=== PROBLEM DESCRIPTION ===
Print the lines from the one containing "Labh Laxmi Charm" through the end of the listing below, exactly as written. Any pictures stay out.

*** Opening DATASET EXCERPT ***

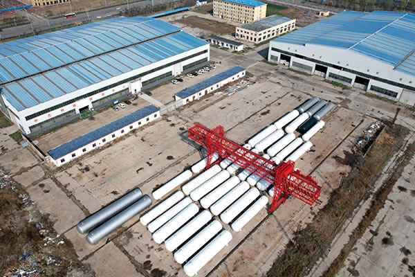 原材料为采用业内龙头公司定扎钢板,确保原材料质量稳定可靠;有效减少了纵、环缝数量和封头拼接焊缝,筒体仅需要切掉毛边,无大块废料,提高了材料利用率并且保证了产品质量。
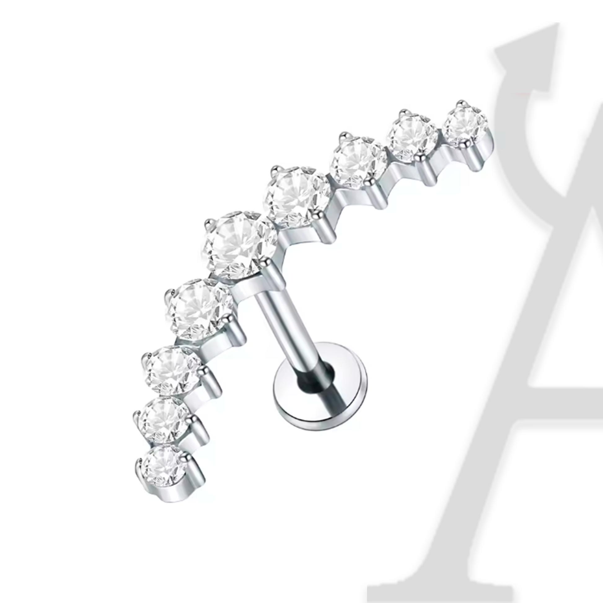 Deixe o seu piercing brilhar com o nosso deslumbrante Labret "Arco de Luz" em Titânio! Esta joia exibe uma elegante fileira de zircónias cúbicas cintilantes meticulosamente cravejadas em um formato de arco delicado, criando um rastro luminoso que capta a atenção.
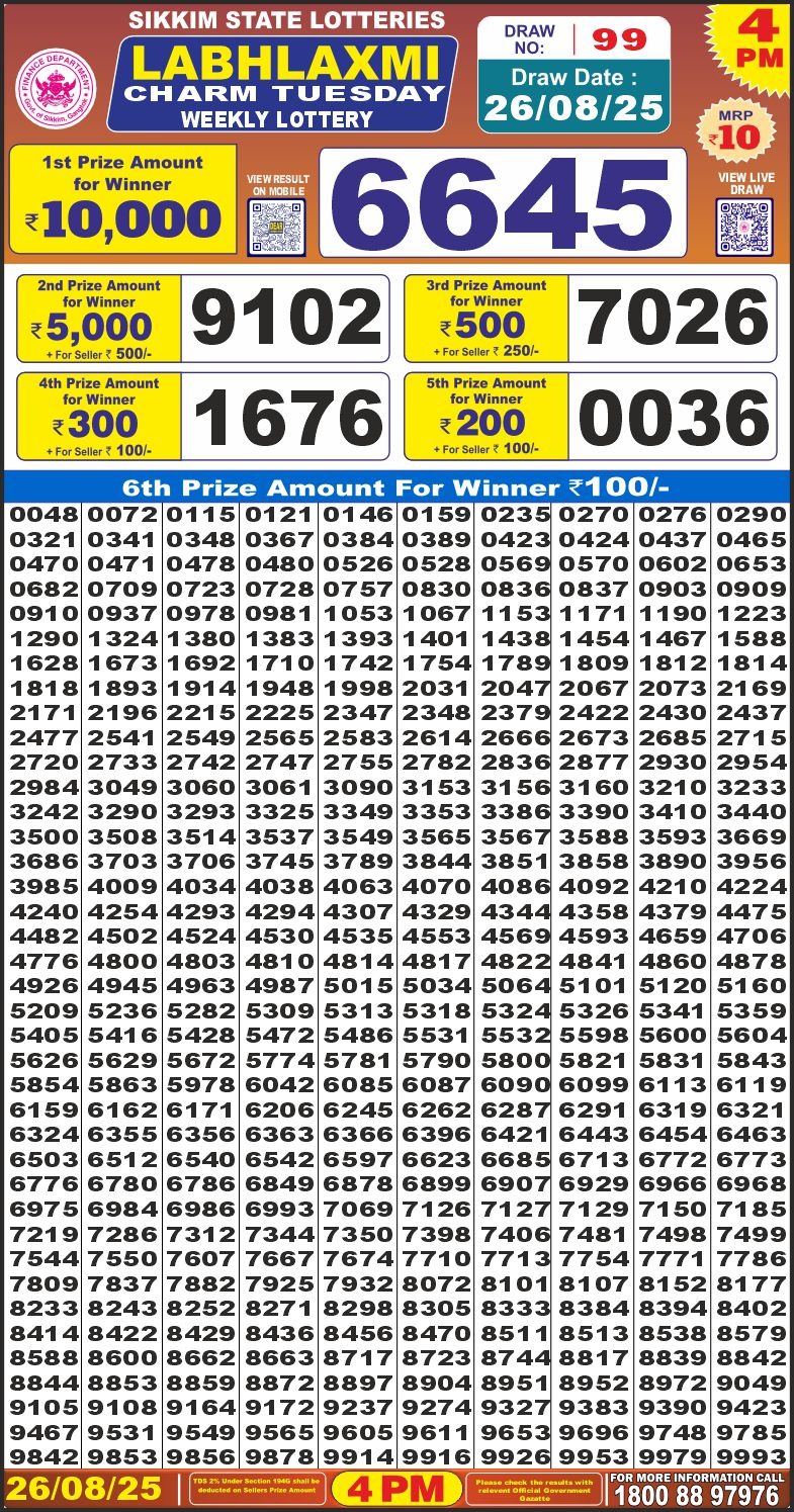 Labh Laxmi Charm Weekly 4pm Result 26.08.2025
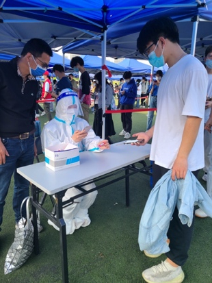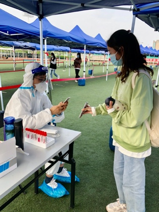金年会教工第一党支部党员苏浩、史婷婷报名参加4月20日和21日校集中核酸检测点的志愿服务工作。闷热的外部环境、身着防护服,近六个小时不吃不喝不上厕所,他们始终保持高昂的斗志和良好的精神状态,保质保量地协助各部门完成了学校全员核酸检测。

*** Closing DATASET EXCERPT ***

=== YOUR SOLUTION ===
 Labh Laxmi Charm Weekly 4pm Result 26.08.2025
金年会教工第一党支部党员苏浩、史婷婷报名参加4月20日和21日校集中核酸检测点的志愿服务工作。闷热的外部环境、身着防护服,近六个小时不吃不喝不上厕所,他们始终保持高昂的斗志和良好的精神状态,保质保量地协助各部门完成了学校全员核酸检测。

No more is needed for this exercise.